- Location: Lanao del Sur, Philippines
- Nearest city: Marawi, Lanao del Sur, Philippines
- Coordinates: 7°59′N 124°29′E﻿ / ﻿7.983°N 124.483°E
- Area: 68 hectares (170 acres)
- Established: May 5, 1965
- Governing body: Department of Environment and Natural Resources

= Lake Butig National Park =

Protected area in Lanao, del Sur, Philippines

Lake Butig National Park is a protected area of the Philippines located in the municipality of Butig, Lanao del Sur in Mindanao Island. The park spans an area of 68 hectares comprising Lake Butig and its surrounding forest. It was declared a national park in 1965 by virtue of Republic Act No. 4190.
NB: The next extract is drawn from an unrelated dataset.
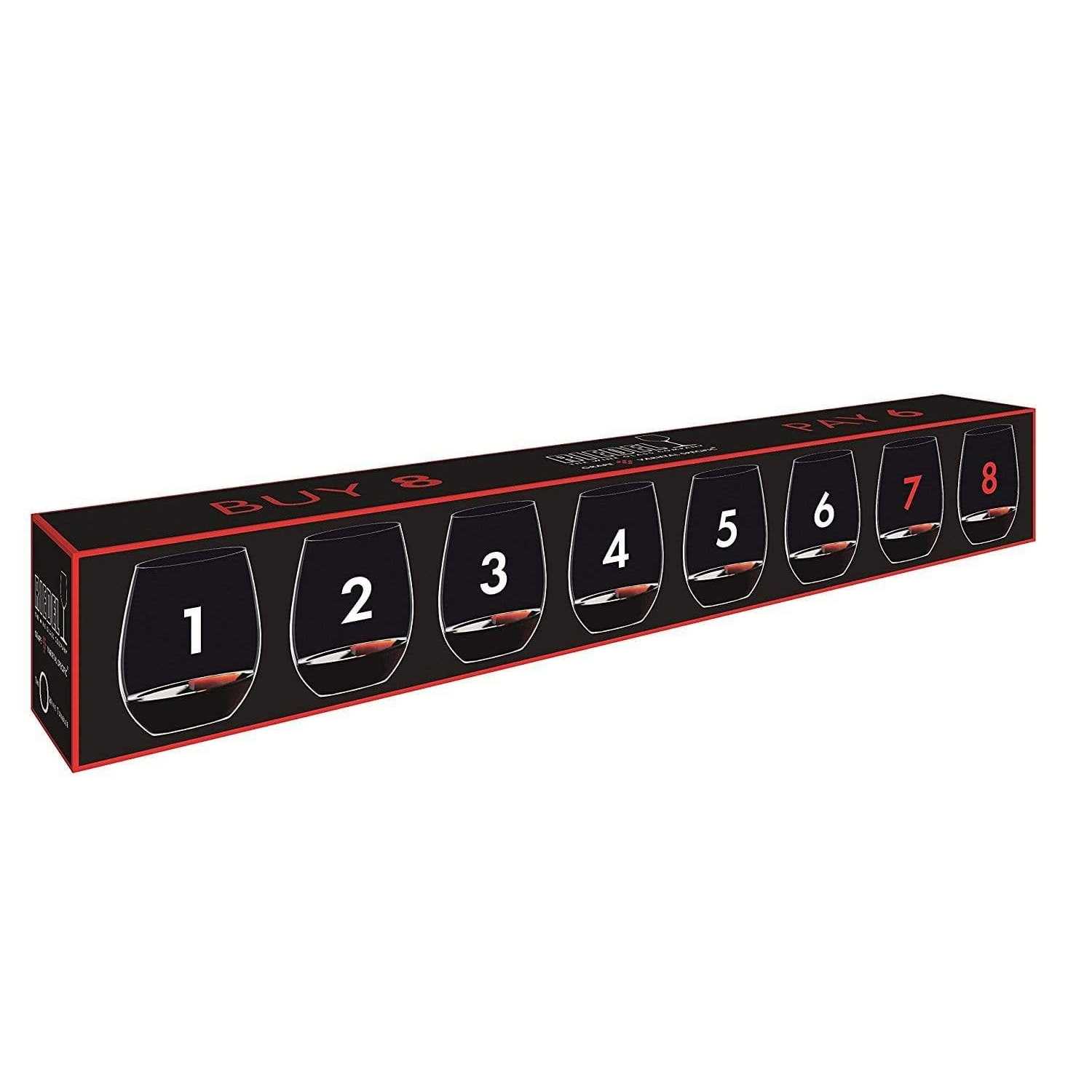 Is this a bargain, or what. This new freebee pack gets you eight ( yes, 8!) Riedel O Cabernet stemless tumblers for the price of six! Designed by 11th generation, Maximilian Riedel, these Riedel O Cabernet/Merlot tumblers are reminiscent of the Vinum bowls, only without the stem. Trendy and sophisticated, these tumblers will perform much like Riedel’s preceding wineglass creations, but will also fit easily into the dishwasher or cupboard without the worries of breaking the stem. For those who would like to experience the concept of matching the shape of the glass to the grape without the traditional stemmed glass, these Riedel O wine tumblers are the answer!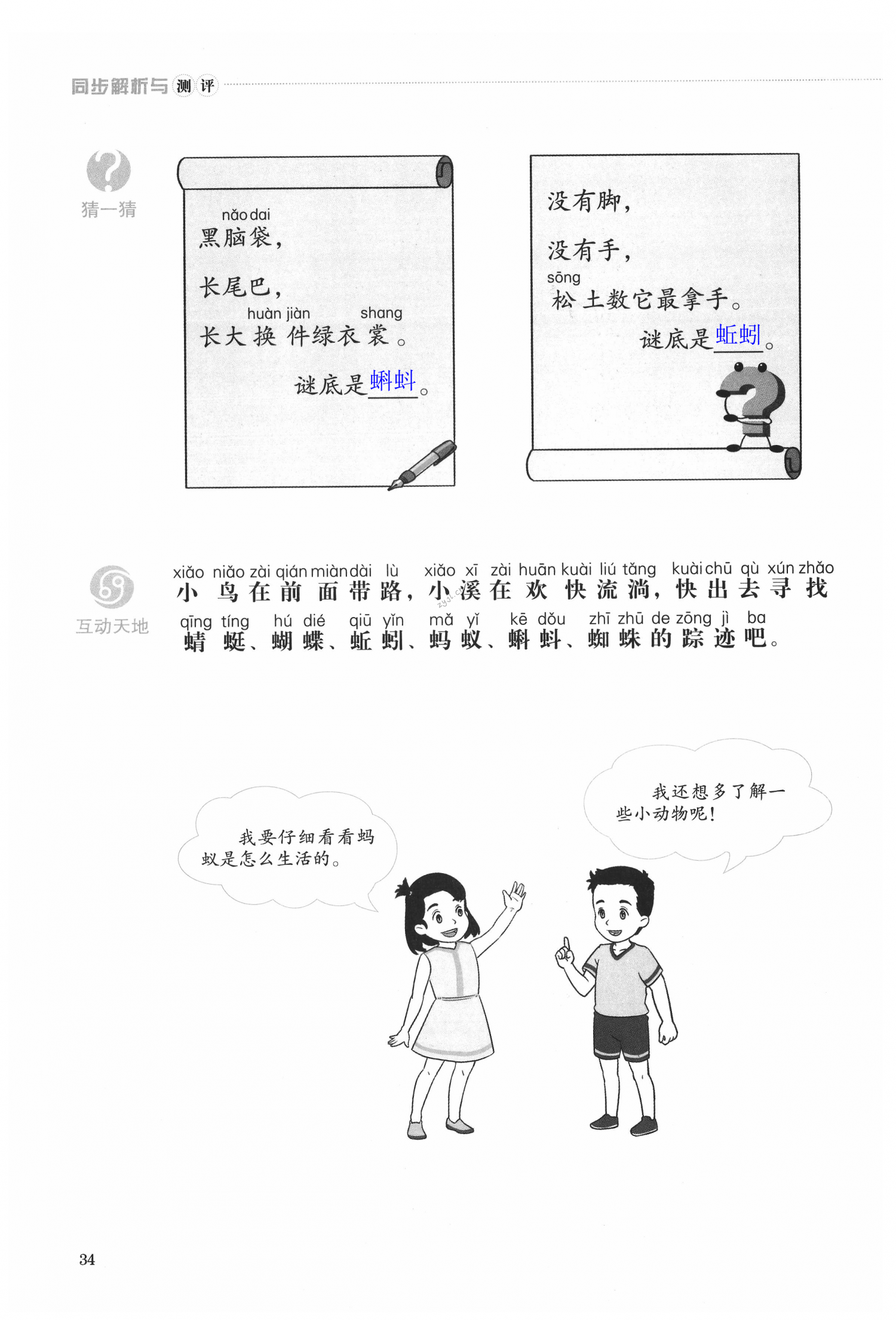 注:目前有些书本章节名称可能整理的还不是很完善,但都是按照顺序排列的,请同学们按照顺序仔细查找。练习册 2022年人教金学典同步解析与测评一年级语文下册人教版山西专版 答案主要是用来给同学们做完题方便对答案用的,请勿直接抄袭。

==Topography and ecology==

Lake Butig lies in the southern part of Lanao del Sur at the foot of the Butig Mountain range. It is located specifically at the Barangay of Pindolonan, Butig, Lanao del Sur. At 500 meters above sea level, the lake is a magnet for visitors seeking to cool off where a swimming resort has been set up owing to its invigorating climate. The surrounding forest has been known to house at least four species of birds: hornbills, parrots, woodpeckers and wild ducks. Other fauna includes Philippine monkeys, Philippine deer and wild pigs.

Mounts Makaturing and Somiorang river form Barangay Dalama and Lingcoan, Lunay near in Tambac, Macadar a natural backdrop to the lake. It can be reached via the Lake Lanao Circumferential Road from Marawi, a 30-kilometer journey.